Data to process:
-------

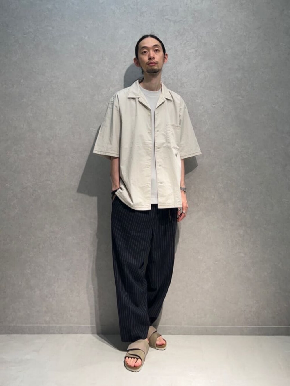 身長:178cm 麻混のパンツにサンダルを合わせた大人の夏コーデ。 大きめシルエットのシャツでヌケ感を出し余裕のあるコーディネートにしました。
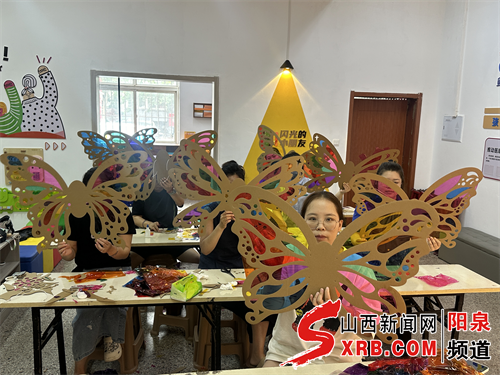 在知识科普环节结束后,社区党委书记带领共建单位“爱星妈妈”一同参与“光影蝴蝶翅膀”手工制作。这些蝴蝶翅膀由“爱星妈妈”精心设计,大家齐心协力,共同完成制作。
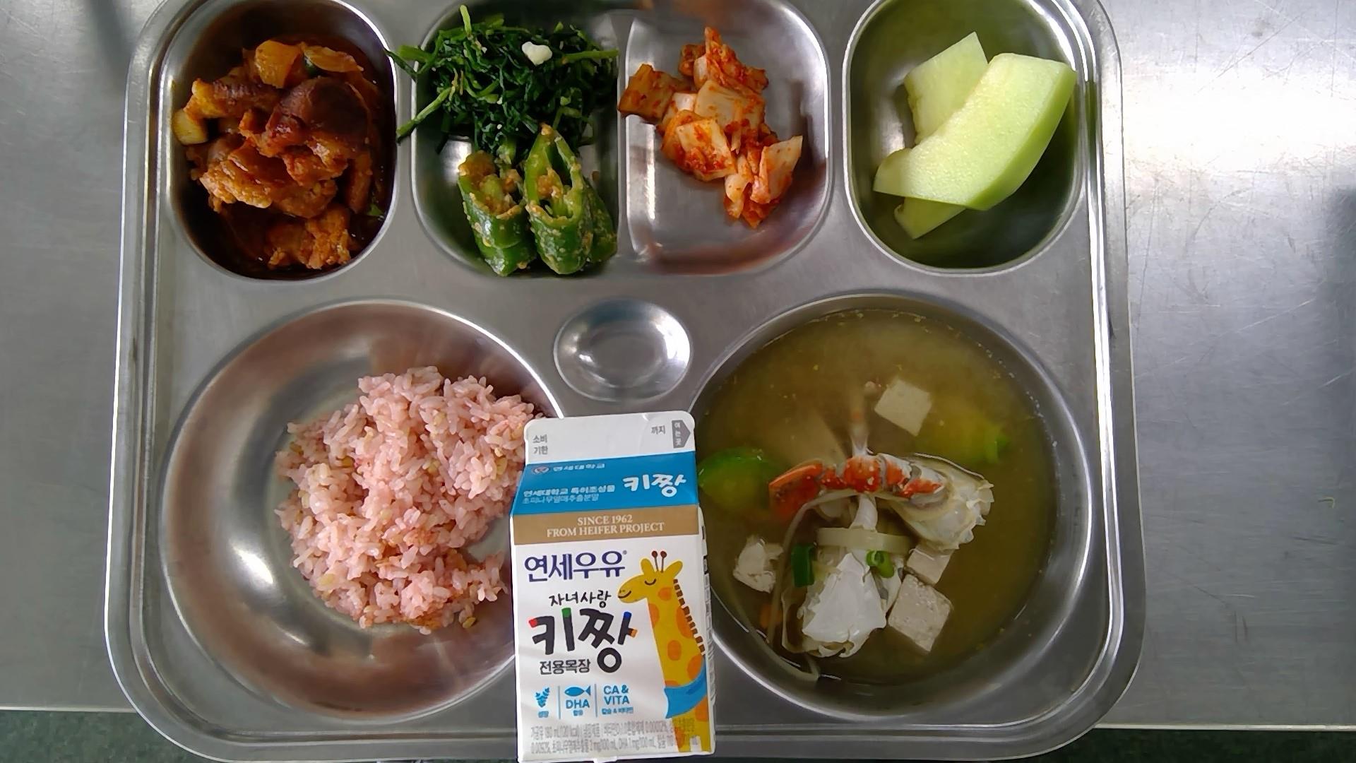 오색현미밥꽃게탕(5.6.8.9.18): 염도 0.6%돼지고기양념구이(5.6.10.12.13.16)부추나물무침(5.6.13)아삭고추된장무침(자율)(1.5.6.13)배추김치(9)머스크 멜론 / 우유(초)(2)* 에너지/단백질/칼슘/철616.1/37.0/143.9/3.6
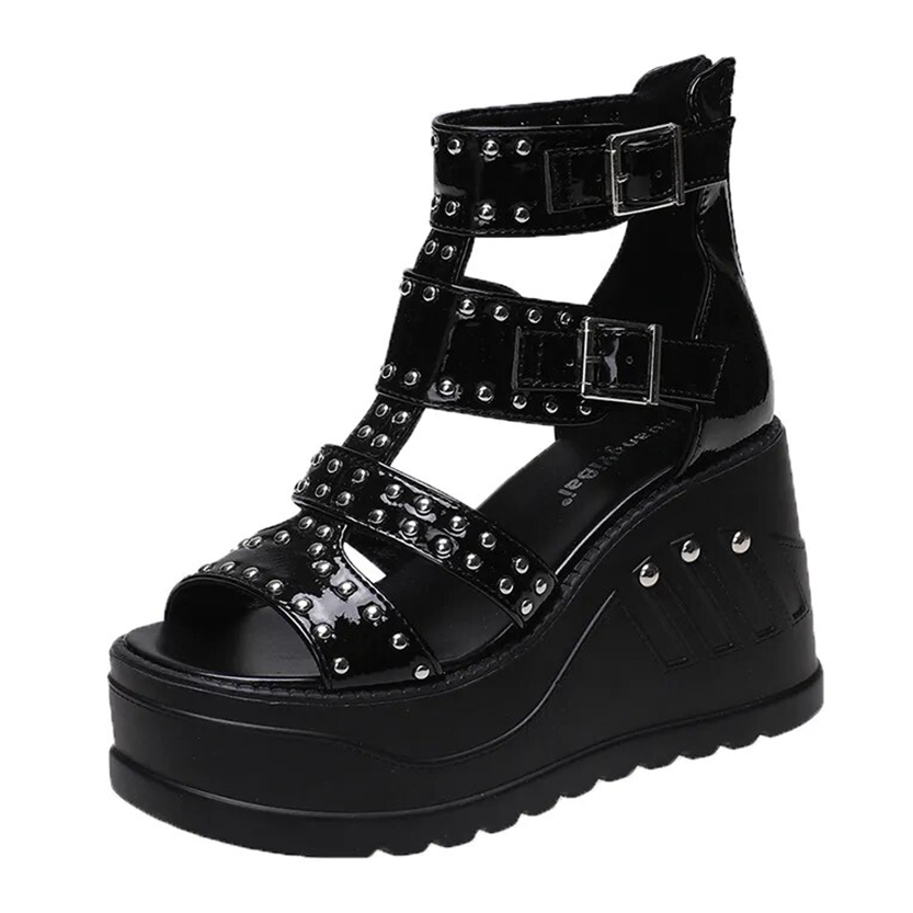- Available in Matte Black and Patent Black and in multiple sizes these fun cute gladiator style sandals will help you to showcase your gothic punk style all summer long.
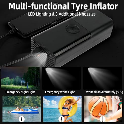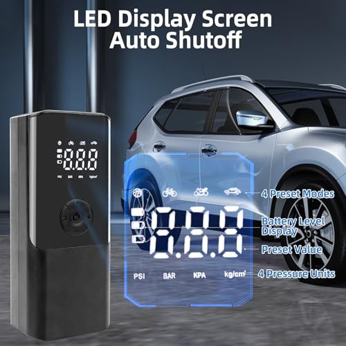 ['【4 Adjustable Modes & Fast Inflation】Our tyre pressure pump has 4 different modes that can be adjusted to meet the inflation needs of cars/bicycles/balls/motorcycles, the default air pressure will follow automatically after selection. and has four pressure units of PSI/ BAR/ KPA/ Kg/cm² can be adjusted freely. Fast Inflation, can inflate a 195/55/R15 car tyre from 0PSI to 35PSI in 7 minute, the maximum pressure is 150PSI.', '【4 Adjustable Modes & Fast Inflation】Our tyre pressure pump has 4 different modes that can be adjusted to meet the inflation needs of cars/bicycles/balls/motorcycles, the default air pressure will follow automatically after selection. and has four pressure units of PSI/ BAR/ KPA/ Kg/cm² can be adjusted freely. Fast Inflation, can inflate a 195/55/R15 car tyre from 0PSI to 35PSI in 7 minute, the maximum pressure is 150PSI.', '【4 Adjustable Modes & Fast Inflation】Our tyre pressure pump has 4 different modes that can be adjusted to meet the inflation needs of cars/bicycles/balls/motorcycles, the default air pressure will follow automatically after selection. and has four pressure units of PSI/ BAR/ KPA/ Kg/cm² can be adjusted freely. Fast Inflation, can inflate a 195/55/R15 car tyre from 0PSI to 35PSI in 7 minute, the maximum pressure is 150PSI.', '【4 Adjustable Modes & Fast Inflation】Our tyre pressure pump has 4 different modes that can be adjusted to meet the inflation needs of cars/bicycles/balls/motorcycles, the default air pressure will follow automatically after selection. and has four pressure units of PSI/ BAR/ KPA/ Kg/cm² can be adjusted freely. Fast Inflation, can inflate a 195/55/R15 car tyre from 0PSI to 35PSI in 7 minute, the maximum pressure is 150PSI.', '【4 Adjustable Modes & Fast Inflation】Our tyre pressure pump has 4 different modes that can be adjusted to meet the inflation needs of cars/bicycles/balls/motorcycles, the default air pressure will follow automatically after selection. and has four pressure units of PSI/ BAR/ KPA/ Kg/cm² can be adjusted freely. Fast Inflation, can inflate a 195/55/R15 car tyre from 0PSI to 35PSI in 7 minute, the maximum pressure is 150PSI.']
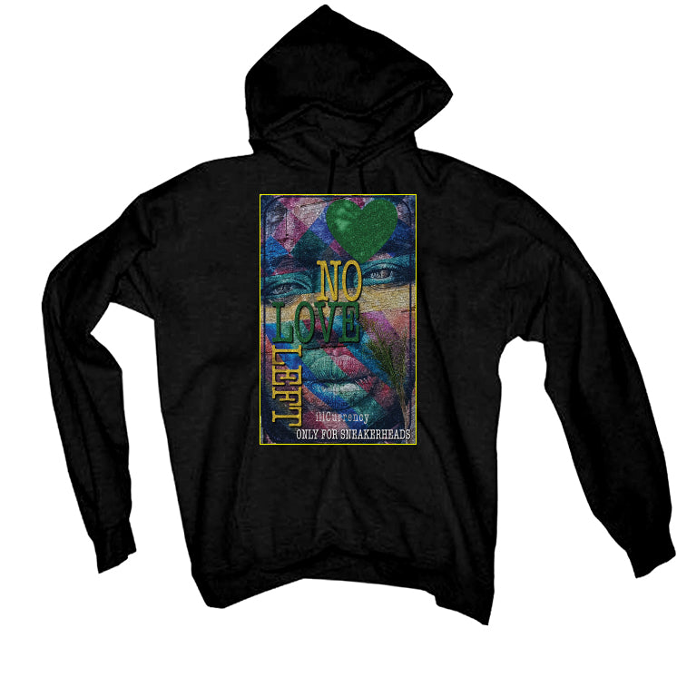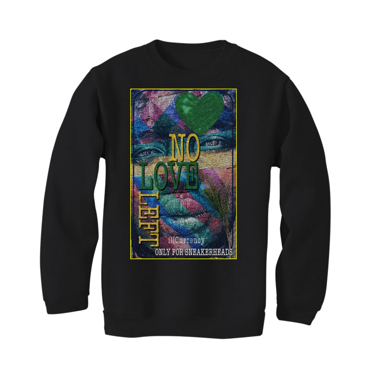 Our tees, sweatshirts, and hoodies come with a textured rose and the words "NO LOVE LEFT / illCurrency / ONLY FOR SNEAKERHEADS" against a textured painting of a face that has geometric patterns, a heart, and a branch inside a rectangular border.

-------

Please give back exactly, and with no pictures, the lines from where the listing above begins through the line containing "- Available in".

 身長:178cm 麻混のパンツにサンダルを合わせた大人の夏コーデ。 大きめシルエットのシャツでヌケ感を出し余裕のあるコーディネートにしました。
 在知识科普环节结束后,社区党委书记带领共建单位“爱星妈妈”一同参与“光影蝴蝶翅膀”手工制作。这些蝴蝶翅膀由“爱星妈妈”精心设计,大家齐心协力,共同完成制作。
 오색현미밥꽃게탕(5.6.8.9.18): 염도 0.6%돼지고기양념구이(5.6.10.12.13.16)부추나물무침(5.6.13)아삭고추된장무침(자율)(1.5.6.13)배추김치(9)머스크 멜론 / 우유(초)(2)* 에너지/단백질/칼슘/철616.1/37.0/143.9/3.6
- Available in Matte Black and Patent Black and in multiple sizes these fun cute gladiator style sandals will help you to showcase your gothic punk style all summer long.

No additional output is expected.